Revolución…¿Ganadora?
La Roma Femminile parte de 0 en una revolución total tras un año decepcionante
El ciclo anterior ha llegado a su fin, y en Roma lo sabían bien: era el momento de una revolución, escribe Il Romanista. Así, con la pretemporada en marcha en Dimaro, la Roma Femminile ha iniciado una profunda transformación que afecta a todos los niveles del club, desde el banquillo hasta la plantilla. Un cambio valiente, quizás arriesgado, pero necesario para mantener viva la ambición de competir entre las grandes.
Nuevo liderazgo en el banquillo y la directiva
La primera gran novedad se encuentra en el área técnica. Luca Rossettini, exjugador de la Serie A y ahora técnico debutante en el fútbol femenino, ha tomado el relevo de Alessandro Spugna, quien ha emprendido una nueva etapa en el Sassuolo. El cambio no se limita al terreno de juego: en la parte directiva, también hay caras nuevas. Tras la marcha de Migliorati al área de scouting masculino, el cargo de director deportivo lo asume Simone Canovi, con pasado en la Juventus y experiencia previa junto a Ricky Massara.
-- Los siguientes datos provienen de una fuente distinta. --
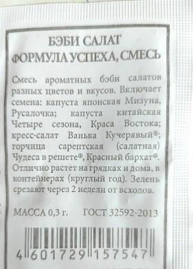 Наименование:Салат Бэби Формула успеха (смесь) ч/б (Код: 89939) Цена: 6.2 руб Описание: <div>
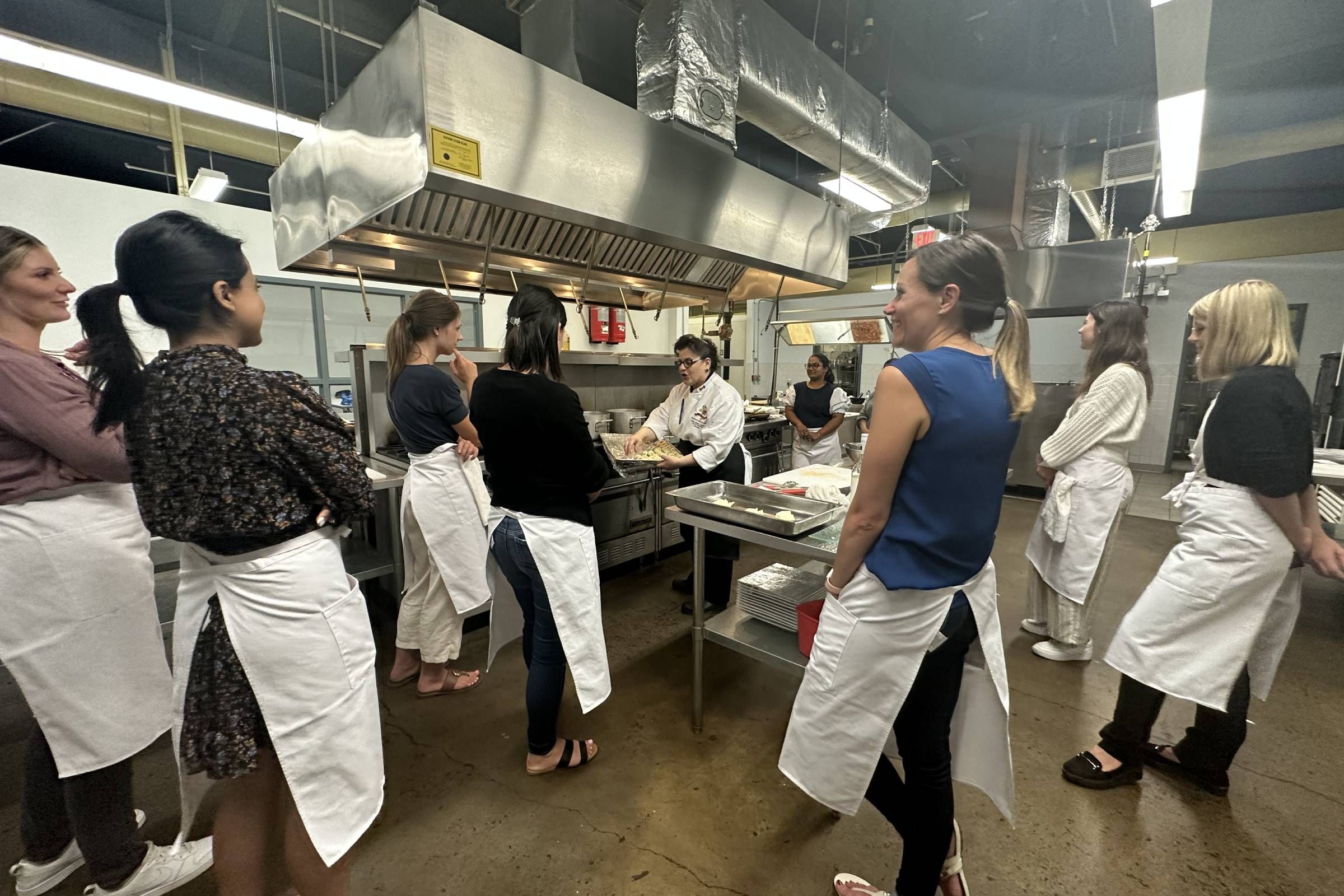 Under the expert guidance of our Award-Winning Certified Chef Instructors with extensive teaching and coaching experience, you and the other members of your team will perform key tasks in the preparation of a three-course menu, collaborating to achieve a common goal. In the process, you’ll pick up terrific cooking tips and build stronger bonds with your co-workers in a fun and relaxed environment. Together you will all enjoy a fabulous meal that you collaborated on to create.
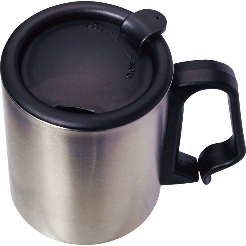 保冷保温効果があるふた付きステンレス二重マグ。ハンドルがフックになっている為、アウトドアなどの持ち運びにも便利。
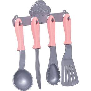 Conteúdo - Mesinha + 1 chaleira, 1 panela, 1 frigideira, 4 utensílios e 1 suporte
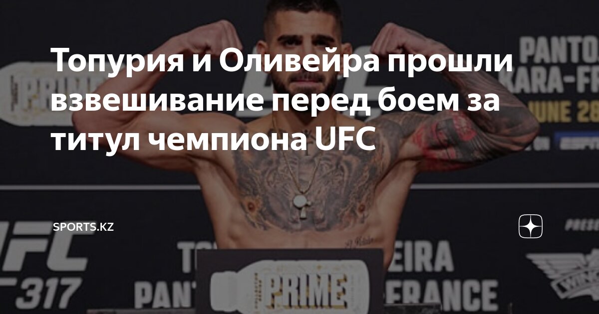 Вскоре после этого главный бой вечера в легком весе, запланированный на субботу, стал официально подтвержденным, так как Чарльз Оливейра также успешно прошел взвешивание, показав немного меньше лимита — 154,5 фунта. Топурия и Оливейра поспорят за пояс, который, согласно информации, предоставленной в этом тексте, оставил вакантным первый номер рейтинга pound-for-pound Ислам Махачев, собирающийся перейти в полусредний вес для боя с чемпионом Джеком Деллой Маддаленой.
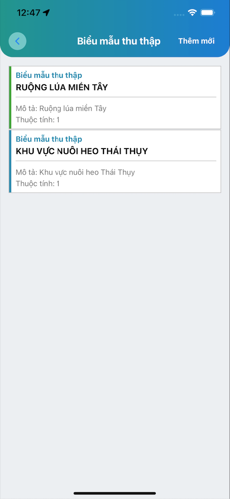 Biểu mẫu nào đang được áp dụng sẽ có màu xanh lá cây, như hình trên thì biểu mẫu Ruộng lúa miền Tây đang được áp dụng để thu thập dữ liệu.
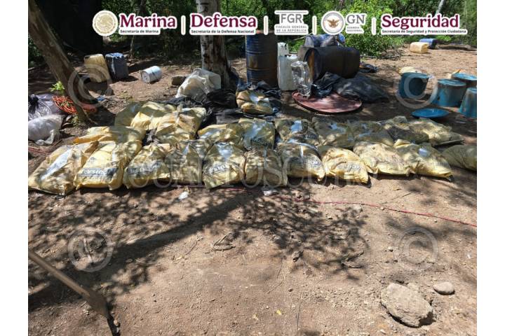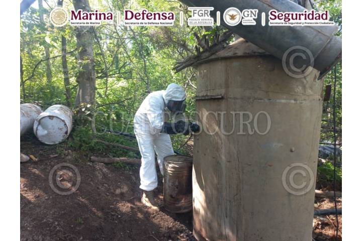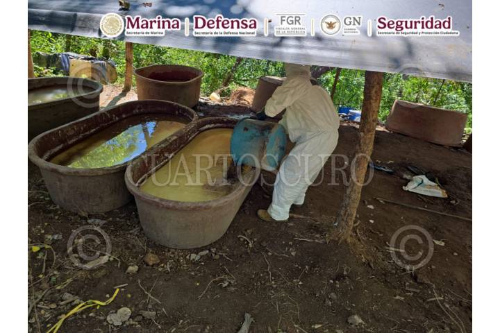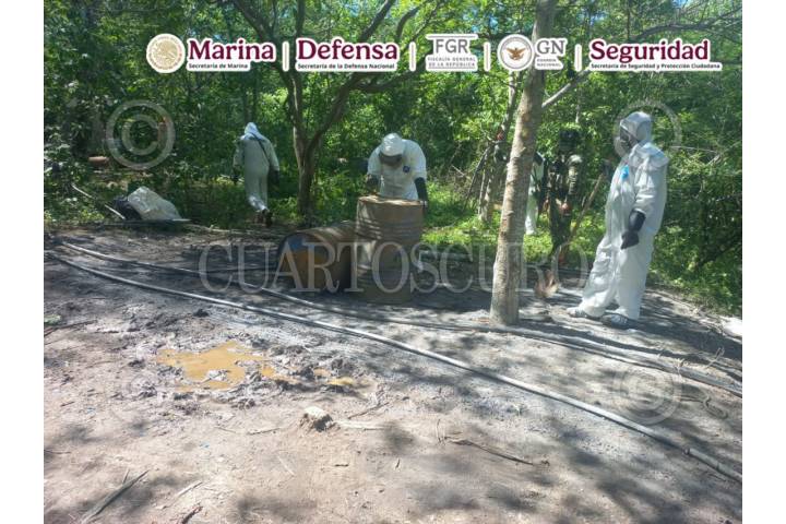 CARRICITOS, DURANGO, 08SEPTIEMBRE2025.- En operativo conjunto de la SEMAR, FGR, SEDENA, Guardia Nacional y la Secretaría de Seguridad y Protección Ciudadana (SSPC) localizaron y neutralizaron dos laboratorios clandestinos empleados para la elaboración de sustancias ilícitas, donde se aseguraron aproximadamente 21 toneladas de presunta metanfetamina. Esta acción se llevó a cabo durante recorridos de reconocimiento terrestre, cuando personal naval localizó y desmanteló dos laboratorios clandestinos. En el lugar se aseguraron aproximadamente 21,000 kilogramos de metanfetamina ya procesada, así como diversos precursores químicos, entre ellos: 1,000 litros de ácido clorhídrico. El material asegurado fue puesto a disposición del agente del Ministerio Público correspondiente. FOTO: CORTESÍA SEMAR/CUARTOSCURO.COM
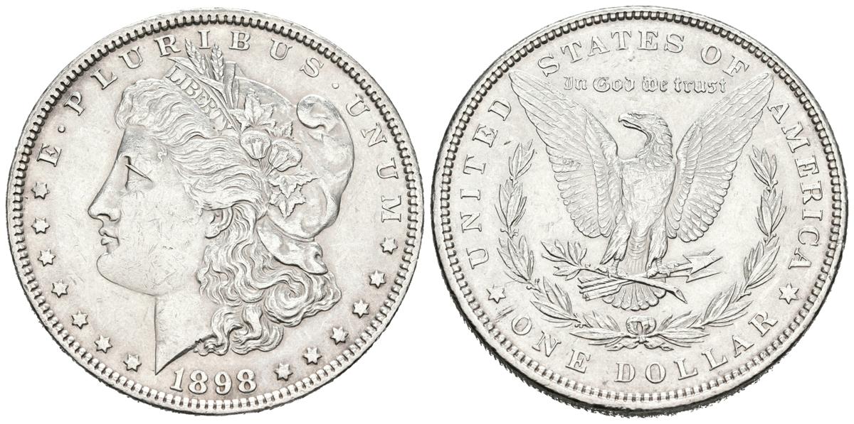 USA. 1 USD (Ar. 26.67g / 38mm) *. 1898. Philadelphia. (Km # 110). Good Very Fine.
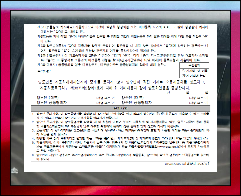 구매를 결정했다면 필요한 모든 서류를 마련하고, 이전 비용과 영수증도 확인하세요. 계약서 내용, 특히 특약사항을 주의 깊게 살펴보는 것이 중요합니다. 차량 매매시 대금 지급 방식과 인도일 등 핵심 항목은 반드시 문서화하세요. 이런 세부 내용까지 챙기면 나중에 발생할 수 있는 분쟁을 예방할 수 있습니다.

Adiós a una era: se despiden varias figuras clave
La revolución también ha tocado la columna vertebral del equipo. Varias de las protagonistas de temporadas históricas han decidido cerrar su ciclo en Trigoria. Elena Linari ha puesto rumbo a Inglaterra; Valentina Giacinti, pieza clave en ataque, ha fichado por el Galatasaray; Camelia Ceasar y Cissoko se marchan al Parma; Benedetta Glionna vestirá los colores del Inter, y Moeka Minami reforzará al Brighton. Tampoco seguirán Troelsgaard, Aigbogun ni la guardameta Kresche, cuyos contratos no fueron renovados. Merolla, por su parte, jugará cedida en la Res Women de la Serie B, donde será titular.
Entre las ausencias temporales también figura Giulia Dragoni, quien ha regresado al Barcelona tras finalizar su cesión. No obstante, todo apunta a que volverá a vestir de giallorosso a finales de agosto, tras cerrarse un nuevo préstamo.
La base del nuevo proyecto
A pesar de las salidas, Roma no parte de cero. El equipo se reconstruye alrededor del talento de Manuela Giugliano, el compromiso de Giada Greggi, la ambición goleadora de Evelyne Viens y la clase de Emilie Haavi. Cuatro jugadoras que serán el eje del nuevo proyecto.
Además, los ingresos por las ventas han sido reinvertidos de inmediato en el mercado de fichajes. Las nuevas incorporaciones apuntalan todas las líneas: el arco con Baldi (llegada del Inter) y el retorno de Soggiu; la defensa con Heatley (Nordsjaelland), Van Diemen (Glasgow) y Veje (agente libre); el mediocampo con Rieke (Essen); y el ataque con Bergamaschi (ex Juventus) y Babajide, una versátil delantera inglesa capaz de actuar tanto por banda como en el centro.
A ellas se suman dos jóvenes promesas para la Primavera: Giulia Robino y Magda Pierkaska, que representan una inversión en el futuro.
Objetivo Champions… pero con paciencia
La reconstrucción es profunda y no está del todo cerrada: el club sigue buscando una delantera centro que pueda cubrir el vacío dejado por Giacinti. Por ahora, Alice Corelli es una opción válida, pero si surge una oportunidad en el mercado, la Roma no dudará en aprovecharla.
Lo que está claro es que se necesitará paciencia. El proyecto es nuevo, las piezas deben ensamblarse y la competencia sigue siendo fuerte: Juventus e Inter, que acabaron por delante en la clasificación pasada, han mantenido la base de sus plantillas y solo han hecho retoques puntuales.
El primer gran objetivo está marcado: alcanzar la Champions League. Para lograrlo, el equipo deberá superar una fase de clasificación que comienza el 27 de agosto ante las kazajas del Aktobe. Si vencen, se enfrentarán en la final del minitorneo a Sparta Praga o Nordsjaelland. Y luego, en septiembre, otro playoff. En juego, además del prestigio, hay 400.000 euros en premios.
Roma se reinventa. El camino no será fácil, pero el mensaje es claro: el futuro empieza ahora.